Broadband adoption is defined as the percentage of the population (or households) that subscribe to broadband service. The five main barriers to broadband adoption are:
- Unavailability of broadband
- Cost or affordability of service
- Cost of computers, laptops or other devices
- Digital literacy or lack thereof
- The internet’s perceived relevancy in a person’s daily life
AD1.1: Advertise and promote Lifeline and low-cost provider offerings.
The state government, local governments, K-12 institutions, libraries and healthcare providers who wish to improve broadband adoption should consider offering information on low-cost options such as Lifeline and the various provider offerings to low-income households.
The N.C. Broadband Infrastructure Office should assist organizations that wish to promote low-cost programs in developing necessary educational strategies, efforts and materials.
AD1.2: The Public Utility Commission Lifeline task force should meet regularly to assess and measure Lifeline subscription rates and provide recommendations at the state level for ensuring widespread adoption of the program.
The task force should continue to publish quarterly reports.
The PUC should collaborate with the Broadband Infrastructure Office and other stakeholders to determine the educational efforts needed to ensure adoption of the program.
AD1.3: Publish best practices for local governments that want to offer subsidies or other adoption programs for low-income households for broadband.
Programs to increase broadband adoption are most effective when spearheaded by the communities themselves. But few resources exist for local governments seeking to increase broadband adoption in their communities through subsidies. Thus, the Broadband Infrastructure Office and its partners should develop and publish best practices for local governments who wish to construct a local-level subsidy program for vulnerable populations in their communities.
AD1.4: BIO and its partners should conduct a needs assessment and feasibility study of a state-level subsidy program for low-income households.

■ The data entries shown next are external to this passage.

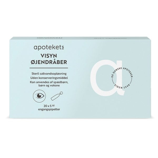 Apotekets Visyn Øjendråber er pipetter med steril, isotonisk saltvandsopløsning til at fugte og skylle øjnene ved irritation forårsaget af røg, støv, computerarbejde og lignende eller til udskylning af fremmedlegemer i øjnene.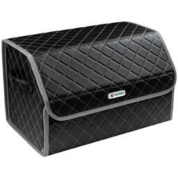 Сумка-органайзер в багажник автомобиля из экокожи черная с серой нитью ViceCar (светло-серый кант) с логотипом SUZUKI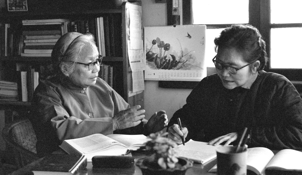 20世纪70年代,乐以成(左)和助手一起修订书籍。
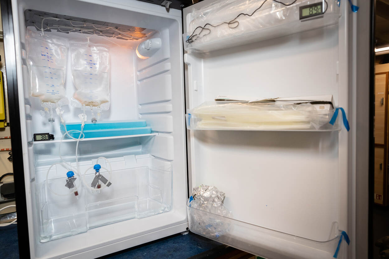 In de halve dag dat woensdag gewerkt kon worden, zijn al veel bodem- en watermonsters genomen. Dat betekent werk voor wetenschappers Arjan den Otter en Martin Olde van TNO aan boord van de Cerberus. "Welkom in ons lab", grapt Den Otter bij 2 koelkasten. "Het zeewater gaat in een infuuszakje en druppelt op een speciaal filtertje ter grootte van een vingerhoedje dat de stofjes tegenhoudt die we later in het laboratorium willen meten. We willen de situatie onder water 'bevriezen'. Bij hogere temperaturen breken de stoffen vanzelf af en kun je ze niet meer meten." Voor de analyse van andere stoffen worden de monsters geconserveerd in een vrieskist om ze later in een laboratorium te analyseren.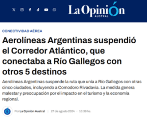 - Más recientemente, se anunció la suspensión de los vuelos Córdoba-Trelew, Rosario-Calafate, Rosario-Neuquén y Salta-Neuquén.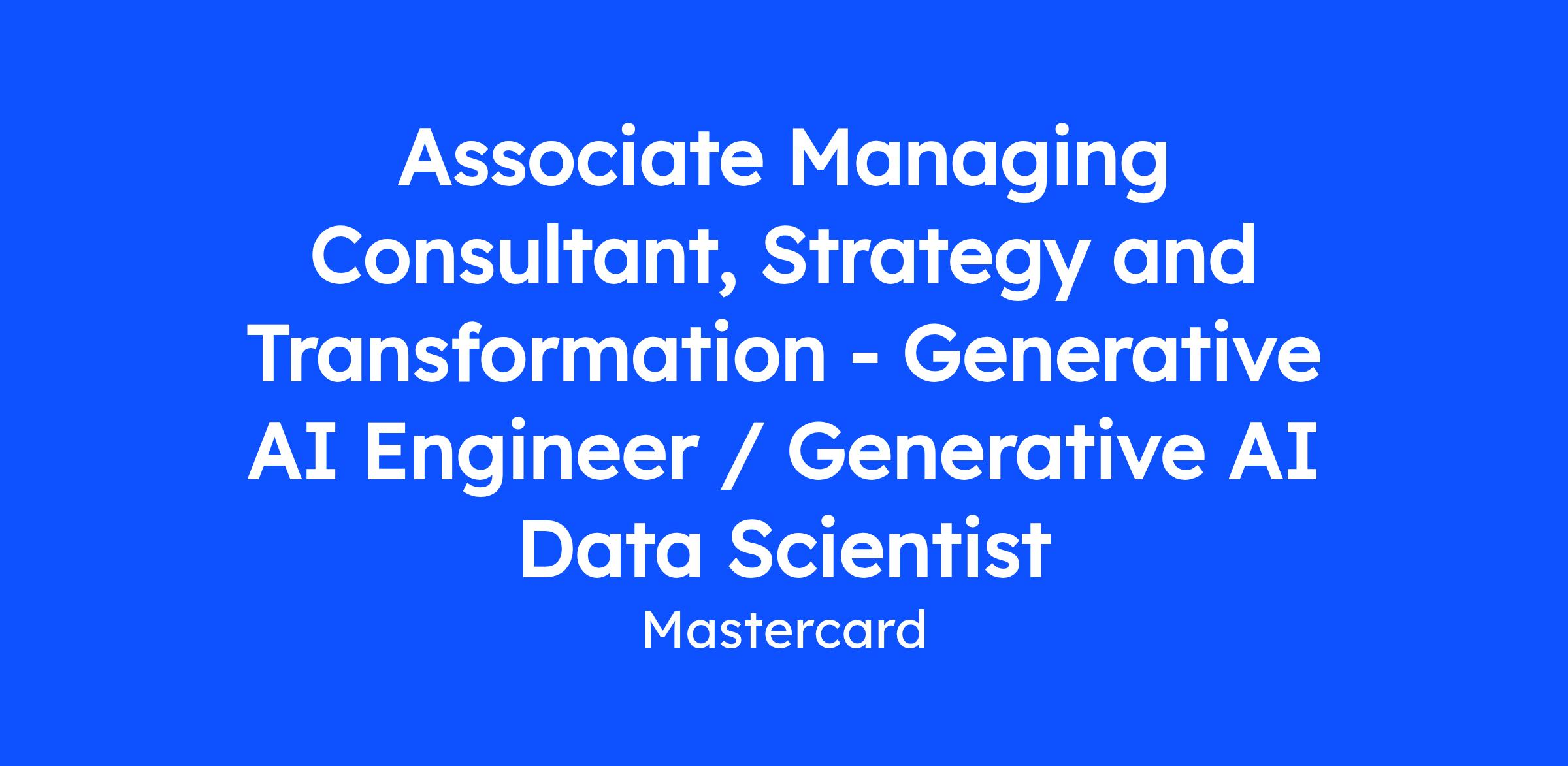 Associate Managing Consultant, Strategy and Transformation - Generative AI Engineer / Generative AI Data Scientist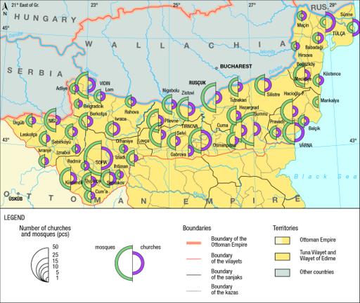 Map 41 : Churches and mosques in the towns of Tuna Vilayet, 1876

As cost is a major barrier to broadband adoption, the Broadband Infrastructure Office recommends conducting new research studies, assessments and feasibility studies to better understand the level of need for intervention and subsidy programs.
The Broadband Infrastructure Office will utilize lessons learned from the N.C. LITE-UP program and other national programs to compile and publish best practices.
AD2.1: Leverage MCNC’s infrastructure to better facilitate high-speed connections at 100% of the state’s libraries.
AD2.2: The state librarian and the Broadband Infrastructure Office should pursue endowment of a two-year position funded by foundation grants with the purpose of bridging the state’s digital divide through the creation of community-based digital literacy programs, adoption initiatives and technical assistance. These programs would be based on demonstrably successful models, such as Charlotte’s Digital Charlotte program.
AD2.3: Use grant funds like E-Rate funds to obtain funding for the last mile to libraries.
AD2.4: Provide grant-writing assistance or connections to entities capable of assisting with grant writing and management to communities and organizations in need of assistance.
AD2.5: Create partnerships, search for cost-savings and apply the savings to building out broadband to communities and community anchor institutions. In addition, ensure that government-owned community anchor institutions are adequately equipped with broadband infrastructure and digital devices to meet local demand for services.
AD3.1: As mobile broadband use continues to increase, policies and regulations that impact mobile broadband adoption and use should be continuously monitored to better understand their benefits and challenges.
AD4.1: Build upon existing tools like the federal government’s digital literacy portal to provide tested digital-literacy tools and curricula for organizations that seek to increase digital literacy in their communities.
AD4.2: Highlight existing intergenerational digital literacy training programs, so they can be replicated.
Programs like the Raleigh Digital Connectors program – a program created and provided by the City of Raleigh that provides technology education to youth, who then teach the skills they have gained to other members of their communities – create opportunities for cross-generational training, learning and skill development. This and similar programs are good examples of programs that could be replicated throughout the state.
AD4.3: Identify and publish best practices, and highlight case study models.
Programs like the Raleigh Digital Connectors program exist throughout the state, but information on them cannot be found in one central location. In collaboration with stakeholders and partners, the N.C. Broadband Infrastructure Office should compile a living list of these programs and models, publishing and distributing it for N.C. communities and organizations to consult when developing their programs.